Problem requirements: Drop the images, then output the listing exactly.

Data excerpt:
+-------+
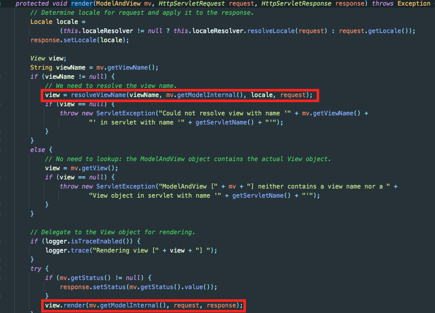 render() 메서드 안에서는 뷰 리졸버(viewResolver)를 통해 뷰를 찾고, 해당 view를 반환받습니다. 그리고 마지막으로 뷰를 실제로 렌더링하죠.
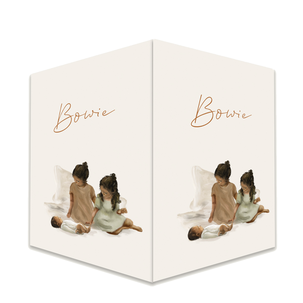 Dit prachtige raambord is een perfecte manier om aan iedereen in de buurt te laten zien dat jullie gezinnetje is uitgebreid met een kleintje. Op dit raambord staan twee grote zussen die trots kijken naar het kleine babyzusje. De kindjes hebben een donkere huidskleur.
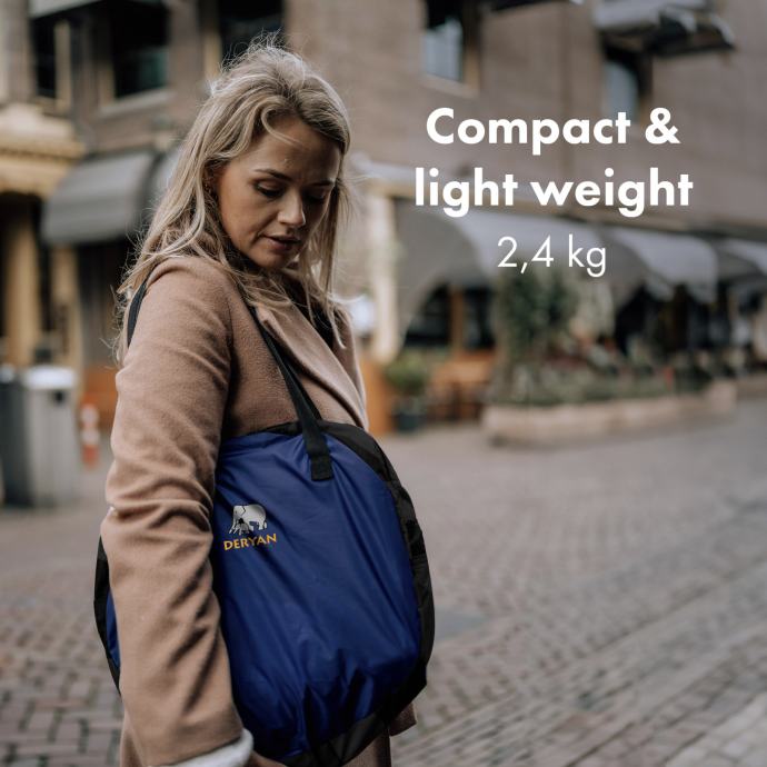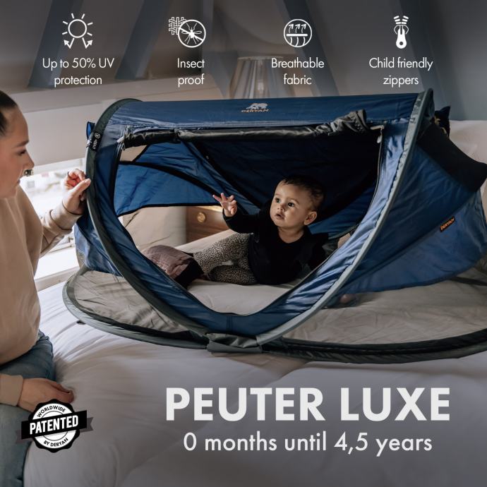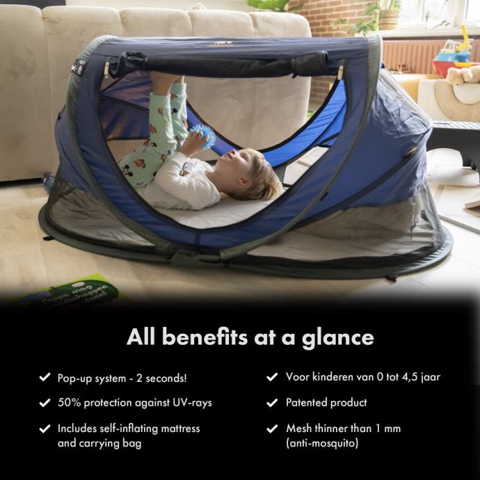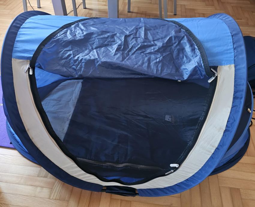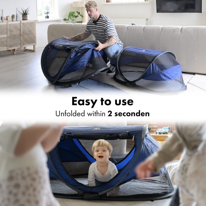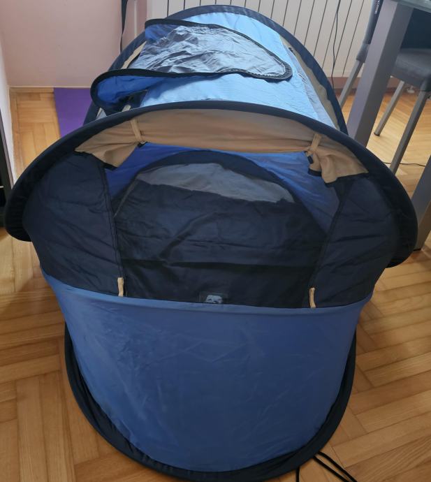 Idealno za putovanja jer ne zauzima prostor, lagano, postavlja se za 2 sekunde. Može se koristiti kao putni krevetić u zatvorenom ili kao šator na otvorenom. UV zaštita, zaštitna mreža protiv insekata, zatvara se cifovima.
+-------+
Output of the task:
 render() 메서드 안에서는 뷰 리졸버(viewResolver)를 통해 뷰를 찾고, 해당 view를 반환받습니다. 그리고 마지막으로 뷰를 실제로 렌더링하죠.
 Dit prachtige raambord is een perfecte manier om aan iedereen in de buurt te laten zien dat jullie gezinnetje is uitgebreid met een kleintje. Op dit raambord staan twee grote zussen die trots kijken naar het kleine babyzusje. De kindjes hebben een donkere huidskleur.
 Idealno za putovanja jer ne zauzima prostor, lagano, postavlja se za 2 sekunde. Može se koristiti kao putni krevetić u zatvorenom ili kao šator na otvorenom. UV zaštita, zaštitna mreža protiv insekata, zatvara se cifovima.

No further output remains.